→ What you will do
From the first line to the last, repeat the records exactly and skip the pictures.
╔══
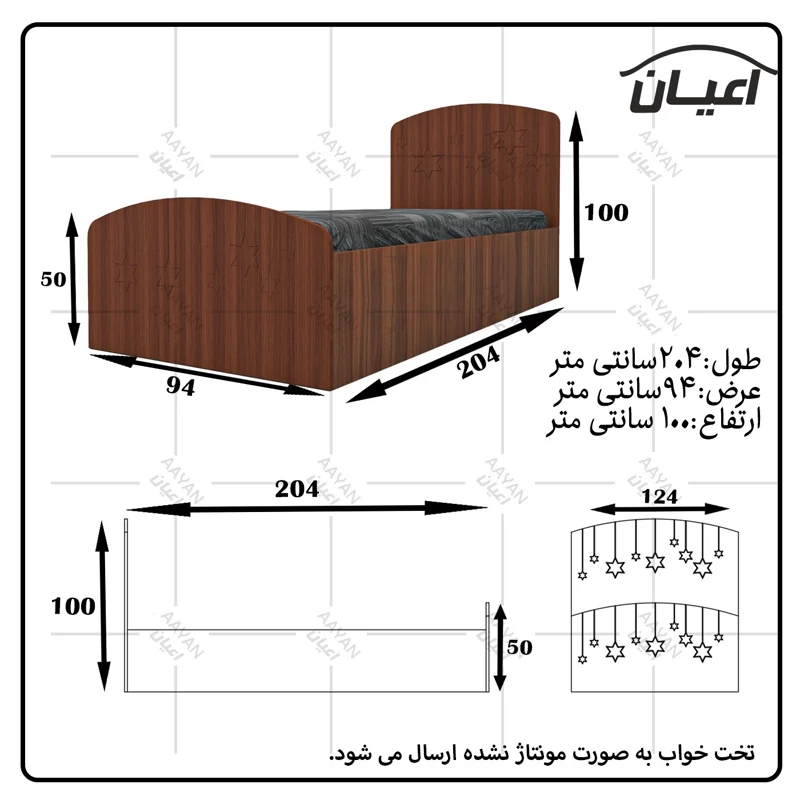 تخت خواب یکنفره اعیان مدل FH595 طرح ستاره سایز 90x200 سانتی متر(ارسال با باربری.هزینه ارسال پس کرایه)
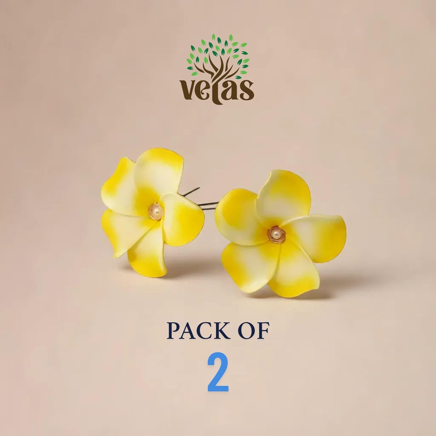VETAS Artificial Plumeria Flower Hair Clips for Women | Hawaiian Frangipani Hairpins for Bridal, Wedding, Party, Beach Hairstyles | Tropical Hair Accessories (Pack of 2)
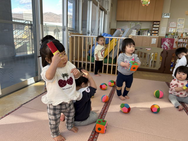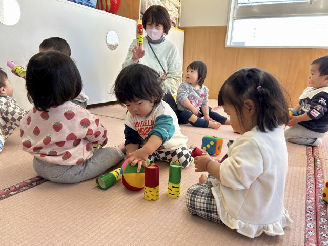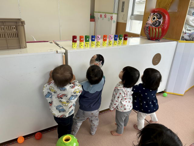 最近では、節分会に向けてトイレットペーパーの芯でできた色とりどりの鬼たちを手に取り、先生と一緒に「まめまき」の歌を歌っています♪「この色の鬼が良い~!」とギュッと握りしめて先生の動きを真似します。子どもたちは手遊び歌を楽しそうにやっていますよ~♡
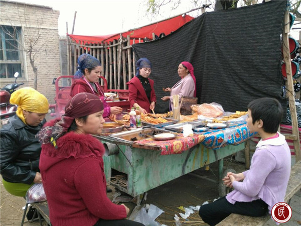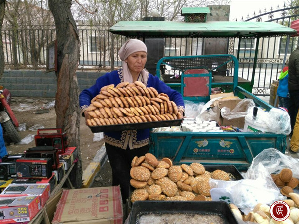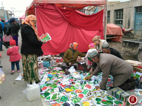 小镇的巴扎还很长,人也还很多,我就顺着拥挤的人群继续往里面走。可以看到路两边摆满了卖服装、卖糕点、卖头饰以及卖小吃的商贩,商品林林总总,数不胜数。但我发现今天的巴扎上卖的最多的商品应该是各种蔬菜、瓜果的种子。在种子摊位的旁边,挤满了维吾尔族群众,他们在精挑细选自己相中的种子。是啊!现在正是大地回春,春播秋收的大好时节,谁不想在春季播下希望的种子,在秋季收获沉甸甸的果实呢?我们也是在春季来到赛里木镇拉帕村的,我们和村民沟通交流交心交朋友,希望播撒团结的种子,收获像石榴籽一样甜甜的硕果!
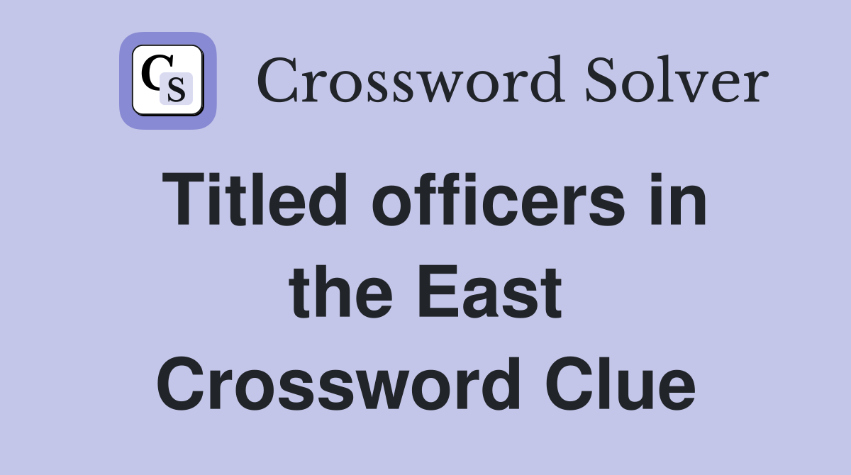 Titled officers in the East Crossword Clue Answers Crossword Solver
╚══
→ Answer area
 تخت خواب یکنفره اعیان مدل FH595 طرح ستاره سایز 90x200 سانتی متر(ارسال با باربری.هزینه ارسال پس کرایه)
VETAS Artificial Plumeria Flower Hair Clips for Women | Hawaiian Frangipani Hairpins for Bridal, Wedding, Party, Beach Hairstyles | Tropical Hair Accessories (Pack of 2)
 最近では、節分会に向けてトイレットペーパーの芯でできた色とりどりの鬼たちを手に取り、先生と一緒に「まめまき」の歌を歌っています♪「この色の鬼が良い~!」とギュッと握りしめて先生の動きを真似します。子どもたちは手遊び歌を楽しそうにやっていますよ~♡
 小镇的巴扎还很长,人也还很多,我就顺着拥挤的人群继续往里面走。可以看到路两边摆满了卖服装、卖糕点、卖头饰以及卖小吃的商贩,商品林林总总,数不胜数。但我发现今天的巴扎上卖的最多的商品应该是各种蔬菜、瓜果的种子。在种子摊位的旁边,挤满了维吾尔族群众,他们在精挑细选自己相中的种子。是啊!现在正是大地回春,春播秋收的大好时节,谁不想在春季播下希望的种子,在秋季收获沉甸甸的果实呢?我们也是在春季来到赛里木镇拉帕村的,我们和村民沟通交流交心交朋友,希望播撒团结的种子,收获像石榴籽一样甜甜的硕果!
 Titled officers in the East Crossword Clue Answers Crossword Solver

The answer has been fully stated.